◆ **Saved entries**:
****
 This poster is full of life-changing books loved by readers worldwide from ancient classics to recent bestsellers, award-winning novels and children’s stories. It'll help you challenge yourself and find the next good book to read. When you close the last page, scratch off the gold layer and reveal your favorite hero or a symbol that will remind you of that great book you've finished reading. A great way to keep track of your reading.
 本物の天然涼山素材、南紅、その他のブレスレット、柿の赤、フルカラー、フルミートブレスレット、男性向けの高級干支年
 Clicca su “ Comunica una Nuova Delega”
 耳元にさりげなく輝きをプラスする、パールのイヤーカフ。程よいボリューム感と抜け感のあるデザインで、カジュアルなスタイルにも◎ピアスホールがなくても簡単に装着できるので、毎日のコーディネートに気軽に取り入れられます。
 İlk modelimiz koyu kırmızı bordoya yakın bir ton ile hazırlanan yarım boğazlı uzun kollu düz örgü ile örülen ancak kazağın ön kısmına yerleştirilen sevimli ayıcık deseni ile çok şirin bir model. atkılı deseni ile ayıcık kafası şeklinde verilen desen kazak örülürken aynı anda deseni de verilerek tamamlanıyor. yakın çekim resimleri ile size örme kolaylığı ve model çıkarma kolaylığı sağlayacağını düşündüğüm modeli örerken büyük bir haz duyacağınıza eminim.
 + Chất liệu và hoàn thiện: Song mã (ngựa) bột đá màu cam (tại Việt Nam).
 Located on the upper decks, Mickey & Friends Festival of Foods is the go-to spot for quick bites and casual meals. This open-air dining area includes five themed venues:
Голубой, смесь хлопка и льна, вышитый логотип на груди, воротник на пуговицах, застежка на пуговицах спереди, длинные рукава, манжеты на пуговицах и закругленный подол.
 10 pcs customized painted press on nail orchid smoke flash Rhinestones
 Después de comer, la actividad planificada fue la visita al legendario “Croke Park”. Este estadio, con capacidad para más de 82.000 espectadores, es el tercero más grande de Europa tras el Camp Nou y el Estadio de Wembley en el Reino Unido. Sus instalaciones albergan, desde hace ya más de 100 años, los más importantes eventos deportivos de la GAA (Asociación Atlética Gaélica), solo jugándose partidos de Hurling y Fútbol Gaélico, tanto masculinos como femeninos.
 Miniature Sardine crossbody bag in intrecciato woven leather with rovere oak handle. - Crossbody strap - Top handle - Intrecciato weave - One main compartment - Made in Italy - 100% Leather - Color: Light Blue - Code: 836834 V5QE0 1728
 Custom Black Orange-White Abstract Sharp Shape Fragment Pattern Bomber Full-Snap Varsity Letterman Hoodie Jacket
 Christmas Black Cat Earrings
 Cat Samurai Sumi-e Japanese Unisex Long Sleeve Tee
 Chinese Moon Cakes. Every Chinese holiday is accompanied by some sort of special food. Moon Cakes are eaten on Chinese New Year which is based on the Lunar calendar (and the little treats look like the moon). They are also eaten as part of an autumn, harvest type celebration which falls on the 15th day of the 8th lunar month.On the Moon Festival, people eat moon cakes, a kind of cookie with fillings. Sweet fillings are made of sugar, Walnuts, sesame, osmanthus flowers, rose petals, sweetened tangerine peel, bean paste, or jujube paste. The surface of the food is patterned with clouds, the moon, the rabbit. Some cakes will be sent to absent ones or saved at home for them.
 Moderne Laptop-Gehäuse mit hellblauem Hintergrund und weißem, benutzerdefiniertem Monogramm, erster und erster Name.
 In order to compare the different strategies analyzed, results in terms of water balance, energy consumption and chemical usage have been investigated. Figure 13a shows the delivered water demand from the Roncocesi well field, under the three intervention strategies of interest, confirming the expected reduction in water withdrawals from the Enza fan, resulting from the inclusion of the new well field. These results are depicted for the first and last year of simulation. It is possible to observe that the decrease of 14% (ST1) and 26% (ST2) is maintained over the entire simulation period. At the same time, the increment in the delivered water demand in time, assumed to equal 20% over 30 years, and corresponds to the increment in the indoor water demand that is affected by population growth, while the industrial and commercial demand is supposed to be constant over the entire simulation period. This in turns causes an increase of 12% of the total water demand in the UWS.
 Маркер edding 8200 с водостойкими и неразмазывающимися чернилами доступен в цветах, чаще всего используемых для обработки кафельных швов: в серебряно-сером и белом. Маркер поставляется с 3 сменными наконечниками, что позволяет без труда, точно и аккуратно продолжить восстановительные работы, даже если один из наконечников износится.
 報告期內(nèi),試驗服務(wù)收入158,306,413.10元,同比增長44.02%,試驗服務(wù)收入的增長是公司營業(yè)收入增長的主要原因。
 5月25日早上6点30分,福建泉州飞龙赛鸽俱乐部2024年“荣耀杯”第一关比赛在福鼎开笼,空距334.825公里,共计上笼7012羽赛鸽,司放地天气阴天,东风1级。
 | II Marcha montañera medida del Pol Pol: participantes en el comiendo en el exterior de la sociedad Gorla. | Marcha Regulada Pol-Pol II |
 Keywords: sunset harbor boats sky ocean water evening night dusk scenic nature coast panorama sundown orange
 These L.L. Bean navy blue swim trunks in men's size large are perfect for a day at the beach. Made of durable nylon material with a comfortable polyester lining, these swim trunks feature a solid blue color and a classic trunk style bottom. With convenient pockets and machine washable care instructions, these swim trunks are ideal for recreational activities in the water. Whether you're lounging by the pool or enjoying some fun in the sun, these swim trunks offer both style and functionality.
****
◆ **Brief**: In the entries above, find the line holding "İlk modelimiz koyu" and the line holding "(tại Việt Nam)."; print both of them and every line between, exactly, and nothing else.

◆ **Output of the exercise**:
 İlk modelimiz koyu kırmızı bordoya yakın bir ton ile hazırlanan yarım boğazlı uzun kollu düz örgü ile örülen ancak kazağın ön kısmına yerleştirilen sevimli ayıcık deseni ile çok şirin bir model. atkılı deseni ile ayıcık kafası şeklinde verilen desen kazak örülürken aynı anda deseni de verilerek tamamlanıyor. yakın çekim resimleri ile size örme kolaylığı ve model çıkarma kolaylığı sağlayacağını düşündüğüm modeli örerken büyük bir haz duyacağınıza eminim.
 + Chất liệu và hoàn thiện: Song mã (ngựa) bột đá màu cam (tại Việt Nam).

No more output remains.